Data excerpts
───
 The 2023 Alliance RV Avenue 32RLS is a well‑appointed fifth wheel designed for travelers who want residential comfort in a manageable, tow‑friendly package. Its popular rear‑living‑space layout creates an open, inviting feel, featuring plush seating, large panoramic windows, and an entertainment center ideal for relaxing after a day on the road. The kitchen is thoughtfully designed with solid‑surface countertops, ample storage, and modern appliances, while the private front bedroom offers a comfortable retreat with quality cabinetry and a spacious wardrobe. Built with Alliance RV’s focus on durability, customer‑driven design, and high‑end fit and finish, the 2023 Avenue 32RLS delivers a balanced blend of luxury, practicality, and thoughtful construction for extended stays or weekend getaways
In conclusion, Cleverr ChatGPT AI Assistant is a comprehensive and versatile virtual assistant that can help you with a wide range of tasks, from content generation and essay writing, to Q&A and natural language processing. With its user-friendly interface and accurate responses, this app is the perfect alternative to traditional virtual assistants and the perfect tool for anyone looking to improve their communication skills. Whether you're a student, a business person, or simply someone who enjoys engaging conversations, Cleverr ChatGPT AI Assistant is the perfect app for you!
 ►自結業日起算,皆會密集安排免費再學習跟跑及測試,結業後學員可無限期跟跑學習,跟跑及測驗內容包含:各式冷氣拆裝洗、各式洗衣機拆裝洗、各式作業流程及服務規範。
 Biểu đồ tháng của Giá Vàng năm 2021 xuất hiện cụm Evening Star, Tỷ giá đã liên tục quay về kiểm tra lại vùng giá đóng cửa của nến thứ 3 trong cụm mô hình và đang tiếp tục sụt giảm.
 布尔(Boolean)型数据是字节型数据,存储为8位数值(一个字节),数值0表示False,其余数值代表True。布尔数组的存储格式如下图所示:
───
Work instruction
Transcribe, in full, each record that appears above.

Exercise response
 The 2023 Alliance RV Avenue 32RLS is a well‑appointed fifth wheel designed for travelers who want residential comfort in a manageable, tow‑friendly package. Its popular rear‑living‑space layout creates an open, inviting feel, featuring plush seating, large panoramic windows, and an entertainment center ideal for relaxing after a day on the road. The kitchen is thoughtfully designed with solid‑surface countertops, ample storage, and modern appliances, while the private front bedroom offers a comfortable retreat with quality cabinetry and a spacious wardrobe. Built with Alliance RV’s focus on durability, customer‑driven design, and high‑end fit and finish, the 2023 Avenue 32RLS delivers a balanced blend of luxury, practicality, and thoughtful construction for extended stays or weekend getaways
In conclusion, Cleverr ChatGPT AI Assistant is a comprehensive and versatile virtual assistant that can help you with a wide range of tasks, from content generation and essay writing, to Q&A and natural language processing. With its user-friendly interface and accurate responses, this app is the perfect alternative to traditional virtual assistants and the perfect tool for anyone looking to improve their communication skills. Whether you're a student, a business person, or simply someone who enjoys engaging conversations, Cleverr ChatGPT AI Assistant is the perfect app for you!
 ►自結業日起算,皆會密集安排免費再學習跟跑及測試,結業後學員可無限期跟跑學習,跟跑及測驗內容包含:各式冷氣拆裝洗、各式洗衣機拆裝洗、各式作業流程及服務規範。
 Biểu đồ tháng của Giá Vàng năm 2021 xuất hiện cụm Evening Star, Tỷ giá đã liên tục quay về kiểm tra lại vùng giá đóng cửa của nến thứ 3 trong cụm mô hình và đang tiếp tục sụt giảm.
 布尔(Boolean)型数据是字节型数据,存储为8位数值(一个字节),数值0表示False,其余数值代表True。布尔数组的存储格式如下图所示:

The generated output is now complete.